The Museum of Contemporary Art Toronto (MOCA) exhibition programme for fall 2020 features work by Fatma Bucak, Yazan Khalili, Mika Rottenberg and Krista Belle Stewart plus a new commission by Michael Lin. Alongside this roster of major works by Canadian and international artists, MOCA continues its highly regarded online platform Shift Key, profiling timely video works by a range of significant artists selected by independent curator and interdisciplinary art historian Daisy Desrosiers.

Medusa: Yazan Khalili
September 3 – November 15, 2020

Medusa (2020) by Ramallah-based Yazan Khalili builds on his long-standing engagement with digital archiving in times of political unrest and engages with the rise of facial recognition technologies. While the human face is an
everyday mode of personal identification, the COVID-19 pandemic is an unprecedented historical transition in how we perceive one another. Despite the fact that Khalili produced this work prior to the pandemic, the current requirement to wear a mask in public spaces has introduced a new, universal layer of facial concealment from which to engage with the ideas of Medusa and the mythology it references.

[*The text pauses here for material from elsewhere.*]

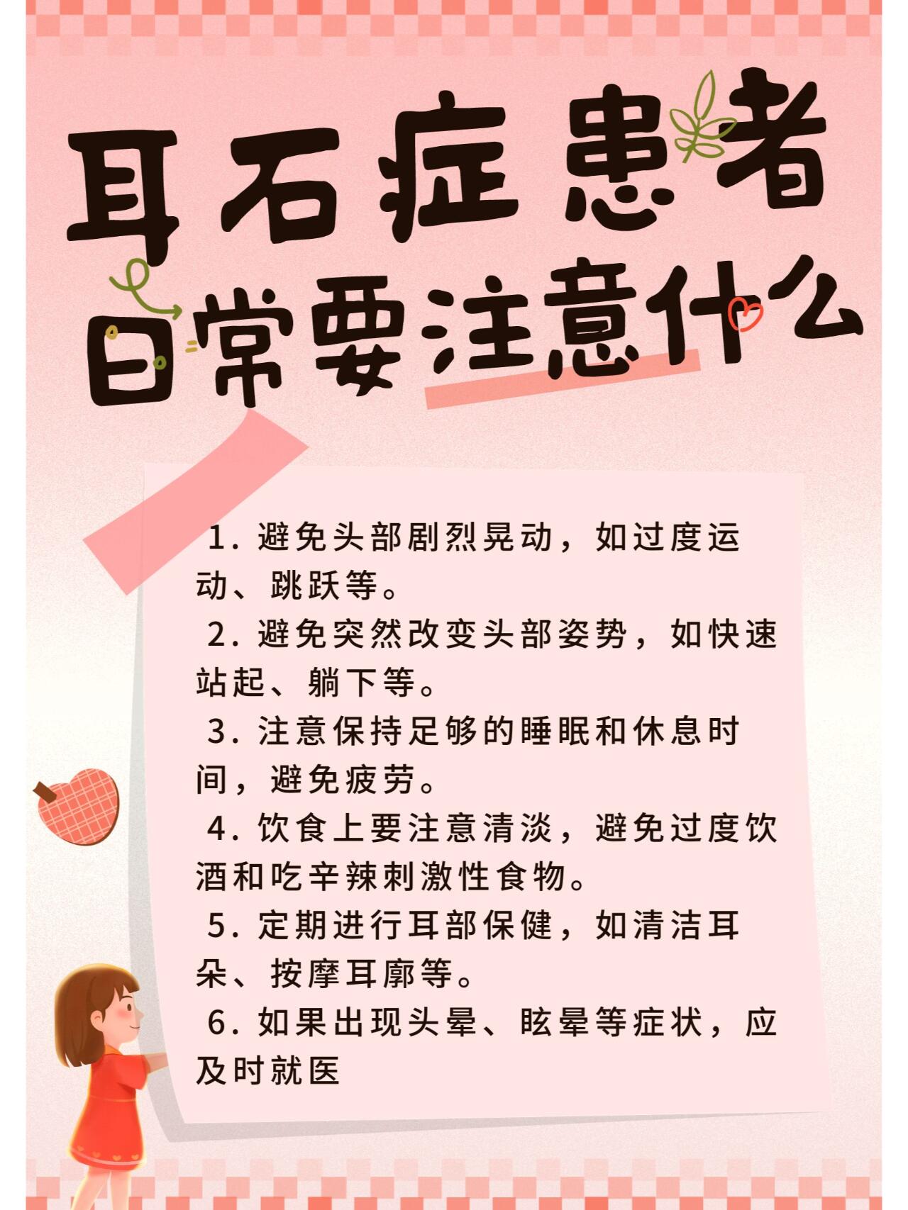 4心理治疗 指出本病为良性过程,无严重的后遗症,以接触患者的精神负担5体位疗法 指导病人闭眼,从坐位到侧卧位,当眩晕消失后坐起,30s后再向另一侧侧卧,两侧交替进行直至症状消失为止,每3h进行一次,通常710g症状可消失上面就是为大家介绍的耳石症快速自愈方法相关内容,此外还介绍了耳石症。

Khalili has exhibited internationally at institutions including the Museum of Modern Art, New York, at KW Institute for Contemporary Art, Berlin and in the Shanghai and Sharjah Biennials.

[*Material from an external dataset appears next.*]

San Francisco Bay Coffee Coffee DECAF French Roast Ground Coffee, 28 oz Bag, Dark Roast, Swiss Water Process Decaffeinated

Supported by The Consortium Commissions – a project initiated by Mophradat, with institutional partners including MOCA Toronto; Hammer Museum, Los Angeles; Centre for Contemporary Art, Glasgow and KW Institute of Contemporary Art, Berlin.

Acts of Erasure: Fatma Bucak / Krista Belle Stewart
October 1, 2020 – January 3, 2021

Acts of Erasure brings the two distinct artistic practices of Fatma Bucak and Krista Belle Stewart into dialogue. This pairing opens space for conversations around political identity concerning land and heritage, methodologies of historical repression and interpretation and the act and effects of erasure.

Bucak identifies as both Kurdish and Turkish, an identity inherently tied to the social realities of border landscapes. Her work expresses a negotiation and interrogation of the ideological and conceptual conditions of these liminal spaces.

For this exhibition, she reconfigures an earlier artwork, Remains of what has not been said (2016). In addition, the exhibition includes A Study of Eight Landscapes (2012–16), which confronts the contingency of border spaces and the tenuous interdependency that reside within them.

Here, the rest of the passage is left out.